His unshakeable belief in human beings and their need for environments that inspire led Mawson to aim high in each aspect of his community's life. They built gardens, restored an ancient wall, created quality-food co-operatives. Health improved and new skills were nurtured, opening business opportunities and means to self-sufficiency. Social workers, counsellors, teachers and other professionals used to come by bus to the blighted area; now, three-quarters of these jobs are held by locals.

In his book The Social Entrepreneur Making Communities Work (Atlantic Books), Mawson - who arrives in Australia next week for talks in Sydney, Melbourne, Brisbane and Canberra - uses human stories, anecdotes and an easy, chatty style to describe the revolution he led in social service delivery.

But he also describes two decades of an almost comic - if it were not so tragic - litany of bureaucratic dithering, of opportunities lost, of reports forgotten on desks, of paper shuffling, obstructive politicians and civil servants who lived on buck-passing, excuses and never-ending political rhetoric.

His early enthusiasm and respect for Tony Blair and New Labour's desire to use Bromley-by-Bow as a model for a nationwide integrated health system is obvious.

But as the years unfolded - and millions were spent - he watched with barely contained heartbreak as the system attempted to carbon-copy his community's model rather than use the experience to empower other communities to create and tailor new facilities to their needs.

Mawson says that in this, New Labour failed: "The areas of deprivation in the UK have not shifted a great deal since Dickens's day and any talk of a new approach of the kind I fervently believe would work has led us to nothing but lots of strategising, meetings, papers, conferences, seminars, websites … and when the money runs out, there is nothing left to show, no tangible result and so, of course, the show moves on."

Mawson is too much of a gentleman (or crossbench politician, now) to cast stones, but it is clear he fears little will change under Gordon Brown or his Tory opponent, David Cameron.

He argues that politicians should empower individuals and communities that have had success and step back from promising big, expensive, one-size-fits-all nationwide social regeneration projects.

"People are weary of traditional methods of community consultation and community governance which have failed to engage them, their interests, their commitment, and have failed to make changes to their lives.
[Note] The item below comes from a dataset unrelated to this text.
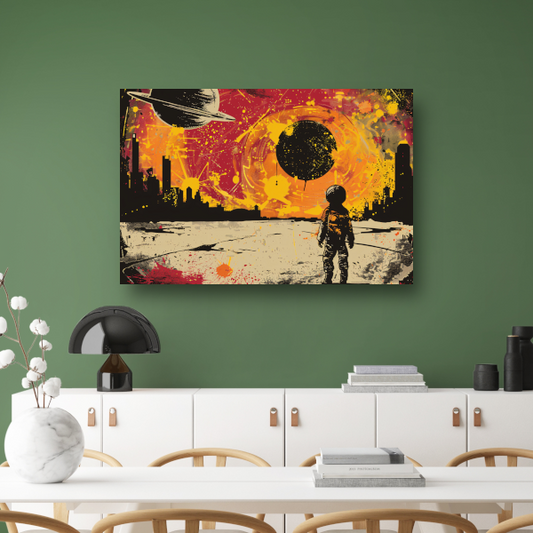 Futuristische skyline en astronaut verkenner poster

My experience in East London suggests that the world is fundamentally unfair and unequal, but full of glorious diversity. Some of the mantras that underpin much traditional thinking in this area have contributed to the impoverishment of our inner cities and have undermined both community and personal responsibility."

A quarter of a century after the first big step of his journey, Mawson's enthusiasm remains infectious. He says the world is changing, that the generation of his children - 28, 22 and seven - responds differently to age-old problems. He speaks fervently about the creative spirit, about the political system finding ways to legitimise doers such as himself and communities such as Bromley-by-Bow.

If he did not have runs on the board, it would be difficult to cop what can sound like simplistic sloganeering. But his extraordinary achievements suggest otherwise.

In the 10 years since he established CAN, he has founded a £300 million housing company in east London and was instrumental in setting up a £100 million regeneration program in the lower Lea Valley, almost next door to the 2012 Olympic site, also in east London.

Now he is fighting to have the two projects "talk to each other" so that the Olympic legacy is not a ghost town of empty stadiums. He is also at the helm of St Paul's Way, a multimillion-pound project to transform the disadvantaged local government area of Tower Hamlets in east London, and is a big force behind the innovative One Church: 100 Uses project, which is trying to bring fresh uses to church buildings no longer needed for worship.

As we are evicted from the meeting room, Mawson recalls the young woman who wanted to start a local cafe amid warnings that Bromley-by-Bow people would not spend good money on coffee. He backed her anyway and, years later, Pie in the Sky is a thriving local restaurant.